Ed Board

Ed+Board

A recent Leader-Telegram article said University of Wisconsin System leaders have given approval for an increase in graduate and nonresident tuition at five schools.

UW-La Crosse, UW-Milwaukee, UW-Platteville, UW-Stout and UW-Whitewater have all been approved for these tuition changes by the Board of Regents. Undergraduate tuition is still frozen until the end of next year but graduate and nonresident tuition rates can still be adjusted.

Nonresident undergraduate tuition at La Crosse will increase 3.7 percent, 1 percent at Milwaukee and 3.4 percent at Whitewater. All five schools want to increase graduate tuition. Increases range from a half percent to nearly 18 percent depending on the program.

Members of the editorial board were divided on whether a tuition increase like this would be good for UW-Eau Claire.

One member said increasing graduate and nonresident tuition would lower enrollment rates from those groups, which they said would either lead to an overall lower income rate for the school, or a potential lowering of enrollment standards for college.

“It hurts the institution, it hurts the society as a whole, especially at an economic level when you’re having that,” one members said. “And that’s the only way you could make up for that. I think in the long term you will be losing a lot of tuition from potential people out of state.”
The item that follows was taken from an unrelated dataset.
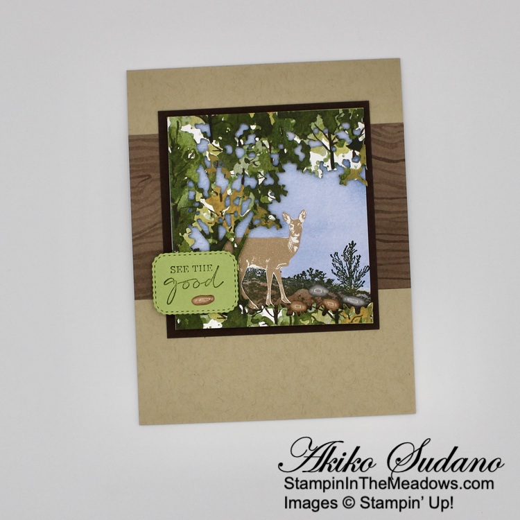 I stamped the long ground stamp with shrubs from the Stampin’ Up! Grassy Grove cling stamp set in Mossy Meadow on a blue sky panel of the Beauty of the Earth DSP. I sponged Cinnamon Cider ink on the ground with a sponge dauber, and it nicely covered the blue sky, so my ground looked realistic. I stamped the deer in Crumb Cake on Basic White and fussy cut it out. There is a die that works nicely, but I didn’t want the white edge for such a small focal piece. I adhered the deer to the stamped panel with liquid glue and adhered the die cut wooded frame with dimensionals. I adhered the layered panel to an Early Espresso mat.

Other members agreed that the state of the UW System as a whole was not looking good to outsiders. However, one member said it has been hard with the recent $250 million budget cuts, and since undergraduate tuition cannot physically be raised, the universities will have to raise money from other groups.

“It’s an unfortunate reality that the money you have as a university contributes to the quality of education you’re able to provide,” another member said. “It pays for your workers, it pays for your utilities, and if this university needs the money to give people a quality education, I think raising tuition is what they need to do.”

The editorial board voted against the tuition increase six to two.